What Belongs to You

The whole essence of opera is excess; the point of it, its necessary condition, is emotion too powerful for speech, emotion that has to explode in song…

– Garth Greenwell, writing in The Guardian 

Garth Greenwell’s What Belongs to You “tells the story of a man caught between longing and resentment, unable to separate desire from danger, and faced with the impossibility of understanding those he most longs to know.” This manifests as an obsession with a hustler named Mitko, with whom the unnamed narrator begins a long, unstable, and ultimately destructive affair. The story is specific and personal, but the experience Greenwell describes is universal: the search for self and the desire to belong amidst loneliness and enduring heartbreak. 

Greenwell falls into a lineage of queer literature that reaches back through Edmund White and Jean Genet to Arthur Rimbaud. His tale is operatic in emotional scale and his writing is inherently musical, in no small part because Greenwell trained as an opera singer before becoming a writer. “Sometimes I feel that I’m writing into the shape made by a musical phrase,” he has said of his prose. “I often strive to feel the energy of a sentence in the same way a singer feels breath.” And yet for all its carefully wrought phrases, there is something direct and raw in Greenwell’s narrative: strong images that burn into your memory, connected by nourishing language and searing psychological insight. 

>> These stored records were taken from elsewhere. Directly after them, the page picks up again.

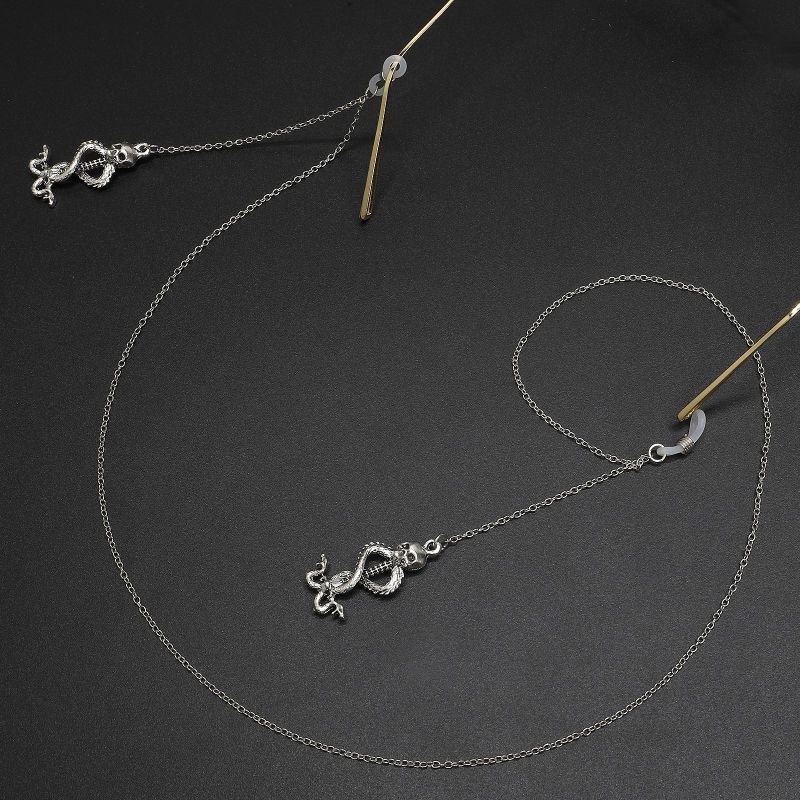 Металлическая нескользящая цепочка серебряного цвета, с подвеской в виде змей с черепом, для очков и масок GL475
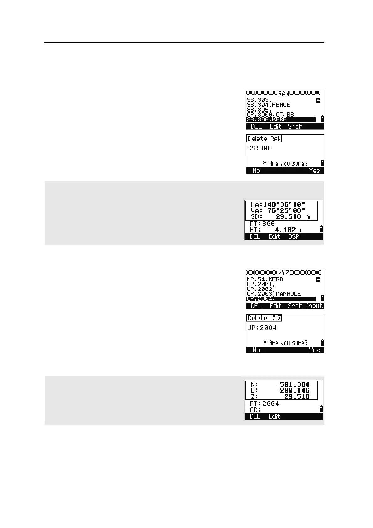 You can also delete coordinate data by pressing the DEL softkey in the
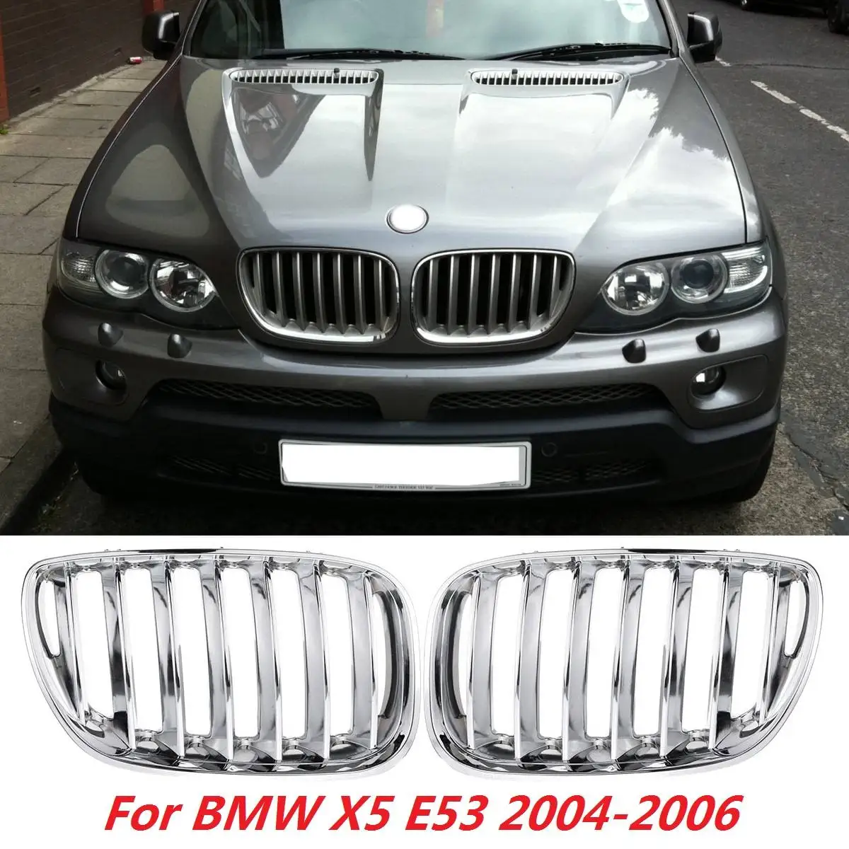 For Bmw X5 E53 2004 2005 2006 Pair Chrome Front Hood Kidney Grills Grille Front Bumper Grille Car Styling Racing Grills Aliexpress
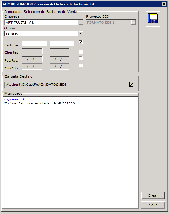 Si tienes instalado este módulo podrá acceder a él en Administración/Facturas de Venta /Exportar, podrá seleccionar un bloque de facturas por clientes, fecha o número. El sistema creará un archivo EDI de acuerdo con las especificaciones del cliente.
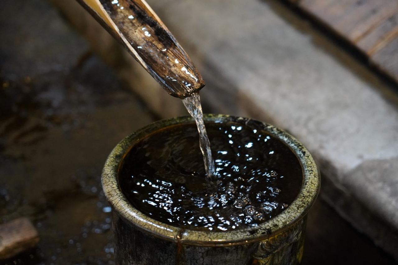 一角に、仕込み水が湧き出ていた。飲んでみると、とても柔らかい。美味しいお酒の源である。

Greenwell’s writing is itself a conversation with his literary predecessors. Likewise, Little’s score looks back to look forward, channeling the white heat of Britten’s Rimbaud setting, Les Illuminations, the melancholy of Dowland, Monteverdi, Schubert, and vanitas paintings, and the startling color of Gerard Grisey’s Quatre chants pour franchir le seuil. Each of these guides the work as Little explores the kaleidoscopic sonic potential of Alarm Will Sound, tracing the work’s narrative as it blooms. What Belongs to You will seek to capture timeless pain in a new frame, as Greenwell’s text is distilled to its poetic core and presented anew as music-theatre.